## Data
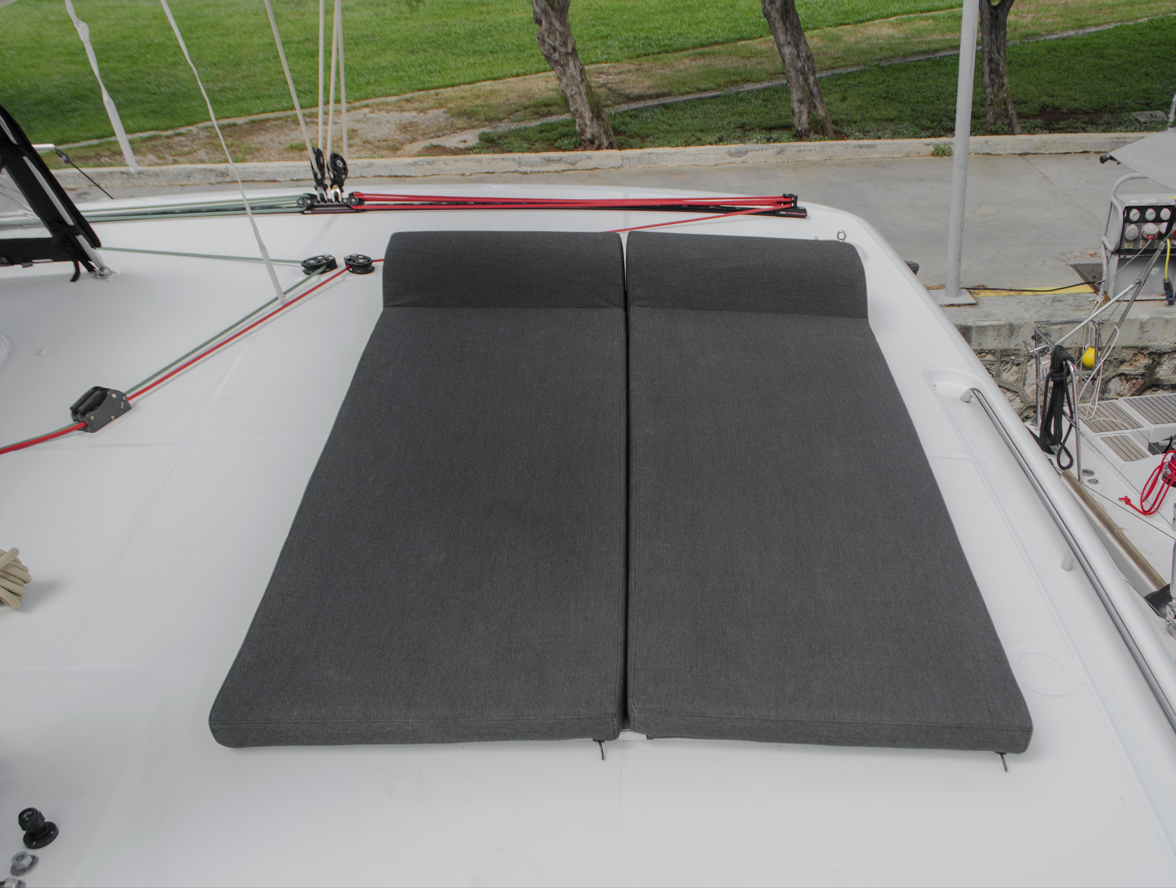 | Outside | Biminitop, Cockpitdusche, Cockpitlautsprecher, Cockpitpolster, Cockpittisch, elektr. Ankerwinsch, Schnorchelausrüstung, Solaranlage, Teak im Cockpit |
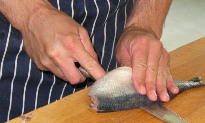 Перш за все, у рибини відрізаємо голову і розрізаємо черевце. Виймаємо нутрощі, стараючись не пошкодити жовчний міхур. Чорну плівку теж виймаємо.
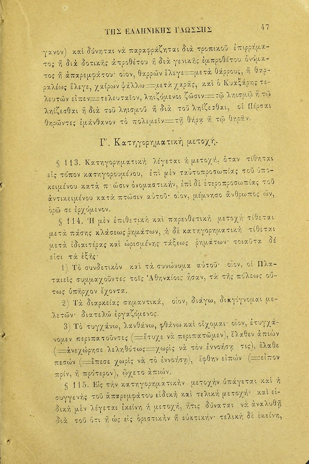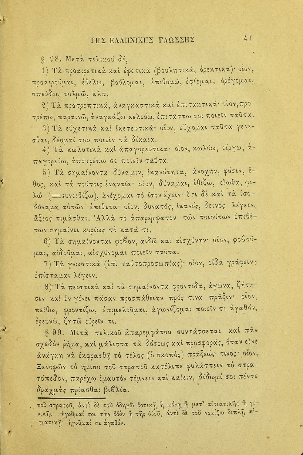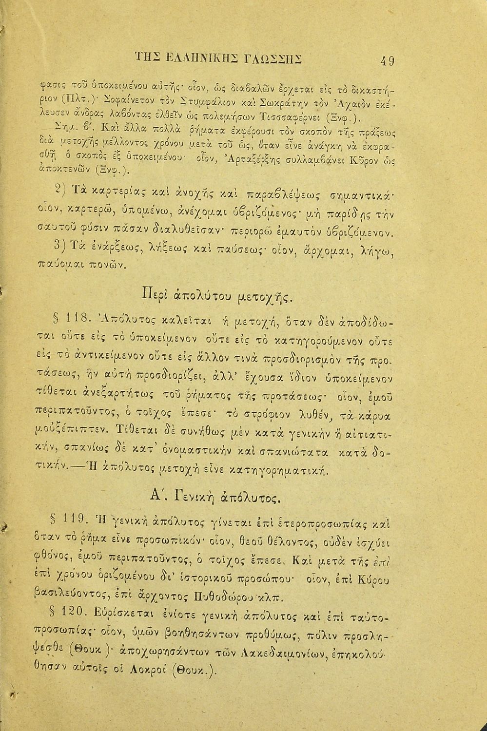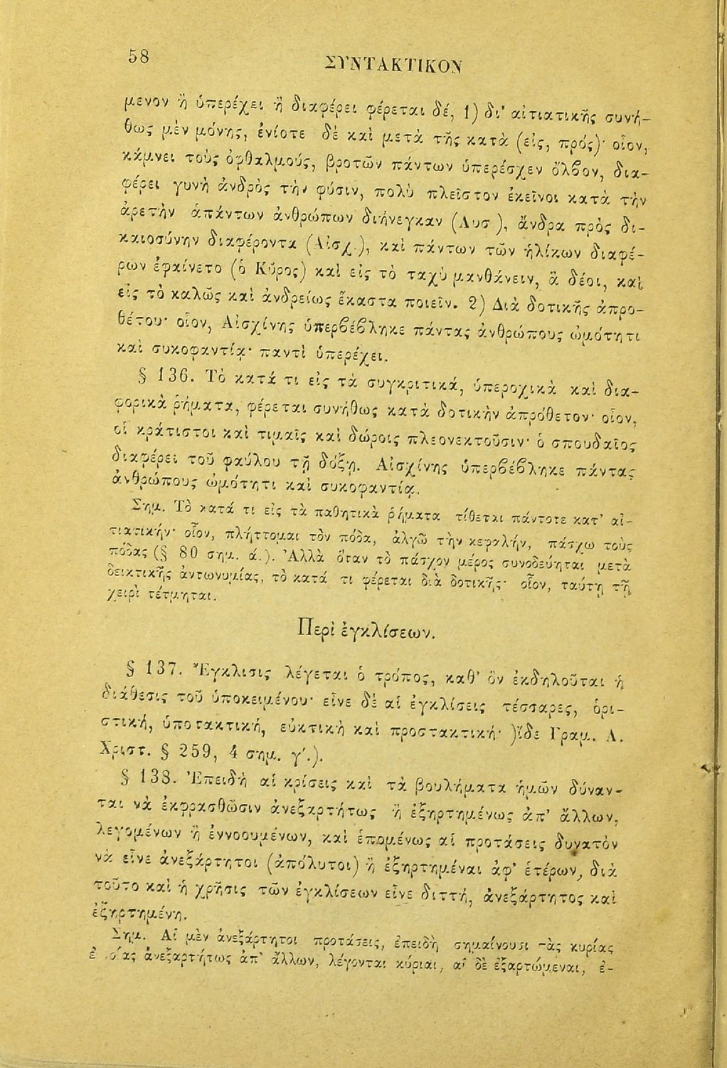 Σχολικό εγχειρίδιο Αρχαίων Ελληνικών για τα Ελληνικά Σχολεία και τα Ανώτερα Παρθεναγωγεία που εξετάζει τα μέρη του λόγου και την σύνταξή τους.

## What is expected
Transcribe, please, the lines from the one holding "Перш за все, у" to the final line of the material, both included, exactly and with no extra lines, and skip the pictures.

## Task answer
 Перш за все, у рибини відрізаємо голову і розрізаємо черевце. Виймаємо нутрощі, стараючись не пошкодити жовчний міхур. Чорну плівку теж виймаємо.
 Σχολικό εγχειρίδιο Αρχαίων Ελληνικών για τα Ελληνικά Σχολεία και τα Ανώτερα Παρθεναγωγεία που εξετάζει τα μέρη του λόγου και την σύνταξή τους.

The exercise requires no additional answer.